At a media briefing, KCDC Director Jung Eun-kyeong, MD, PhD, said South Korea now has 31 cases and that infection routes for the last 3 are uncertain, and she warned that there's a chance that more similar cases will be found.

South Korean Health Minister Park Neung-hoo, PhD, said there seemed to be a lull in new confirmed cases last week, which may mark a transition to a second peak stage, according to the report.

Of the 31 cases in South Korea, 12 involved Wuhan visitors and 5 patients visited Singapore, Thailand, or Japan. The other 14 presumably involve human-to-human transmission, health officials said.

Elsewhere, Singapore—where officials have also reported a few unlinked cases—today reported 4 more cases, 3 linked to a known church cluster and 1 a contact of an earlier case.
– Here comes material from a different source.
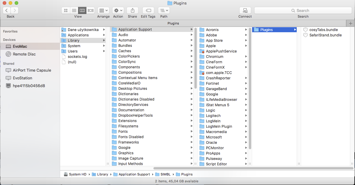 Library/Application** Support/SIMBL/Plugins**.You can find the path similar to the screenshot above. Just find it in Finder and follow the path. - Restart Safari.

Singapore has now reported 81 cases, the most of any country outside China, except for the Diamond Princess cluster in Japan.

The World Health Organization (WHO) said today in its latest daily situation report that it received reports of 10 more cases outside of China over the past 24 hours raising the total to 804 in 25 countries. However, 454 of those are related to the Diamond Princess cruise ship.

At a media briefing today, WHO Director-General Tedros Adhanom Ghebreyesus, PhD, said 92 cases in 12 countries outside of China are due to human-to-human transmission, and so far there aren't enough data on illnesses outside of China to make meaningful comparison with cases inside China regarding disease severity or case-fatality rate.

He said the WHO is following up with countries to get more information. "However, we have not yet seen the sustained local transmission, except in specific circumstances like the Diamond Princess cruise ship."

Autopsy results, spread during incubation, screening failure

In the latest medical literature developments:

  • Person-to-person transmission during the incubation period likely occurred in a four-person family cluster, a team reported today in the Journal of Infectious Diseases. The investigators describe an illness in an 88-year-old man from Shanghai with mobility issues who had been exposed only to asymptomatic family members whose symptoms began later.

  • Symptom-based screening was ineffective for detecting COVID-19 in a group of 126 Germans evacuated from Hubei province earlier this month, researchers reported today in the New England Journal of Medicine. The researchers described their screening and testing process and noted that two people were later found to have the virus on throat swab and that shedding of potentially infectious virus may occur in people who no symptoms or minor symptoms.

  • Biopsy samples from a 50-year-old Beijing man who died from his infection found that lung, liver, and heart tissue showed pathologic features similar to severe acute respiratory syndrome (SARS) and Middle East respiratory syndrome coronavirus (MERS-CoV) infection, a team from China reported today in The Lancet Respiratory Medicine. It wasn't clear if the changes in liver tissue were drug-induced or from the COVID-19 virus. Overactivation of T cells may have accounted for severe immune injury, the authors noted. And they didn't observe any obvious histologic changes in heart tissue.